Jennifer Anyaegbunam is a Fellow at The American Resident Project. Her post appears on THCB as part of The Health Care Blog’s  partnership with ThinkWellPoint.  Stay tuned for more. Follow the American Resident’s Project on Twitter @Amresproj.

I’ve spent the past four weeks learning about primary care on my Family Medicine rotation. A significant portion of patient care in this setting is focused on “health maintenance” or disease prevention.

Physicians can provide their patients with evidence-based recommendations for various screening tests and vaccinations, but it is ultimately up to the patient to decide what services he or she will receive.

According to the Centers for Disease Control and Prevention (CDC), the best way to prevent influenza, more affectionately called “the flu,” is to get vaccinated each year. During flu season, which extends from October to May, many primary care physicians offer their patients the flu shot as a routine part of their health maintenance.

Over the past month I’ve had a number of interesting conversations about the flu shot that have allowed me to evaluate my role as an educator. How do you assess patient understanding? How hard do you need to drive certain points? Will patients perceive you as bossy or overbearing?
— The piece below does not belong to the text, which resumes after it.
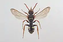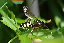 Nomada marshamella is most frequently a univoltine species, but where the host used is the bivoltine Andrena trimmerana, then N. marshamella will also be bivoltine.[3] The univoltine form is associated primarily with Andrena scotica, and sometimes A. nigroaenea, and it flies from early April to late June while the bivoltine form's normal host is A. trimmerana, and sometimes late nesting A. nigroaenae flying from late June into September.[4] N. marshamella is known to cleptoparasitise the nests of A. scotica and they have been recovered from such nests. It is also thought that N.marshamella may parasitise Andrena ferox, A. stragulata, A. trimmerana, A. nigroaenea and A. haemorrhoa, in the Czech Republic A. rosae has also been recorded as a host of N. marshamella.[4][1] A. trimmerana has only been recorded as a host of this species in England.[1]

I respect my patients’ right to choose, but sometimes I’m concerned that they make choices based on fiction rather fact. It’s been quite a challenge learning how to debunk misconceptions, without seeming too pushy.

This week I helped care for an elderly woman named “Ms. Jade.” She visited the office for a follow up visit to manage her hypercholesterolemia, or high cholesterol. After discussing her chronic condition, I took the opportunity to assess her health maintenance and check if she was up-to-date with all the assessments recommended for a woman of her age.

Ms. Jade was on track with everything from her annual vision screening to her colonoscopy. The only preventive health maintenance item she was missing was the flu shot. Her chart read “flu shot advised 2012, declined,” meaning that she was offered the flu shot last year and opted not to take it.